Sujet : Re: Incompleteness of Cantor's enumeration of the rational numbers
De : james.g.burns (at) *nospam* att.net (Jim Burns)
Groupes : sci.mathDate : 01. Dec 2024, 21:02:16
Autres entêtes
Organisation : A noiseless patient Spider
Message-ID : <f7bc6159-1f90-4b84-ba9d-df694b592c07@att.net>
References : 1 2 3 4 5 6 7 8 9 10 11 12 13 14 15 16 17 18 19 20 21 22 23 24
User-Agent : Mozilla Thunderbird
On 12/1/2024 5:02 AM, WM wrote:
On 01.12.2024 00:34, Jim Burns wrote:
On 11/30/2024 4:56 PM, WM wrote:
Inclusion monotony prevents
an empty set of common finite cardinals
without an empty endsegment.
>
No
>
It does.
E(1), E(2), E(3), ...
and
E(1), E(1)∩E(2), E(1)∩E(2)∩E(3), ...
are identical for every n and in the limit
because
E(1)∩E(2)∩...∩E(n) = E(n).
Identical sequences without an empty end.segment.
Identical empty set of common finite.cardinals.

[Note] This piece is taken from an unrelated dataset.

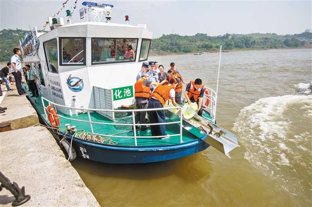 當天上午,記者在江津區濱江路米幫沱碼頭看到,江邊?恐凰野咨≥喆,船頭設有“馴化池”,船身印著“保護珍稀特有魚類”幾個大字。原來,這就是由江津區法院、市珍稀特有魚類國家級自然保護區管理處、江津區林業局共同建設的收容救護中心。

Inclusion monotony does not prevent
an empty set of common finite.cardinals
without an empty end.segment.
ENDS is the set of end.segments of finite.cardinals.
ENDS⁺ = ENDS\{{}} is
the set of end.segments of finite.cardinals
without the empty end.segment
Even if {} is in ENDS, {} isn't in ENDS⁺
⋂ENDS⁺ = {}
For each finite.cardinal k
|ENDS⁺| > k
For each finite.cardinal k
⎛ |{fore.segments k is not.in}| < |ENDS⁺|
⎜ |{end.segments k is in}| < |ENDS⁺|
⎜ |{in ENDS⁺, end.segments k is in}| < |ENDS⁺|
⎜ k is not in common with each end segment in ENDS⁺
⎝ k is not in ⋂ENDS⁺
Each finite.cardinal k is not.in ⋂ENDS⁺
⋂ENDS⁺ = {}
inclusion.monotony does not prevent
an empty set of common finite.ordinals
without an empty end segment.
>
Stupid or impudent. No reason to continue.